John Small (August 27, 1746 – July 18, 1831) was a political figure in Upper Canada.

==Life and career==
Small was born in 1746 at Cirencester in England. In 1792, he was appointed clerk of the Executive Council of Upper Canada. He was also a justice of the peace and a lieutenant in the militia.

He came to Canada with John Graves Simcoe and built one of the first residential homes in the town of York (now Toronto). His son Charles Coxwell Small expanded the home, which was later called Berkeley House. It was a prominent local building until it was torn down during the 1920s and turned into a brewery.

In January 1800, he fought a duel with John White, the attorney general for the province.
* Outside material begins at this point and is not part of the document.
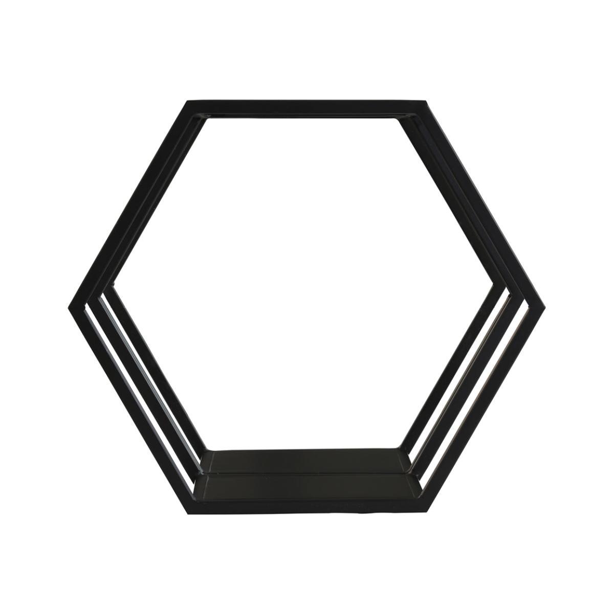These hexagonal Hual wall shelves from Light & Living are as stylish as they are practical. The set of two are made in black metal and with the right placement can instantly elevate any room. View More. These hexagonal Hual wall shelves from Light & Living are as stylish as they are practical. The set of two are made in black metal and with the right placement can instantly elevate any room. Some customers take advantage of their hexagonal form to assemble multiple sets into elaborate honeycomb configurations. Geometrical styling is also much in keeping with contemporary living and office space design and offers versatility you can enjoy for years to come. Use Hual shelving to display lush plants in the conservatory, toiletries in the bathroom, shoes in the cloakroom, photo frames in the living room or books in the study.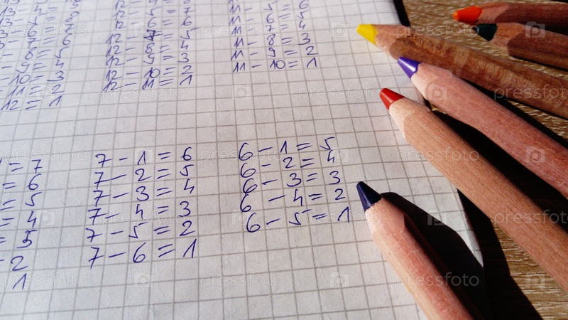 Примеры арифметических задач пишут столбиками на листе в клеточку

White had insulted Small's wife's honour after a quarrel between the two men's wives. Small shot White in the hip, a wound he died from a few days later. He was charged with and acquitted of murder, even though the presiding judge, Henry Allcock, claimed to be a friend of White. Small's reputation in the elite society of York was ruined by the affair.

As a result of land speculation, Small was able to achieve some level of prosperity. He died at York in 1831.

His elder son, James Edward Small, served in the legislative assemblies of Upper Canada and of the Province of Canada. His younger son, Charles Coxwell Small, followed in his father's footsteps as Chief Clerk. His grandson, also named John Small, served in the parliament of the Province of Canada and in the Parliament of Canada after Confederation.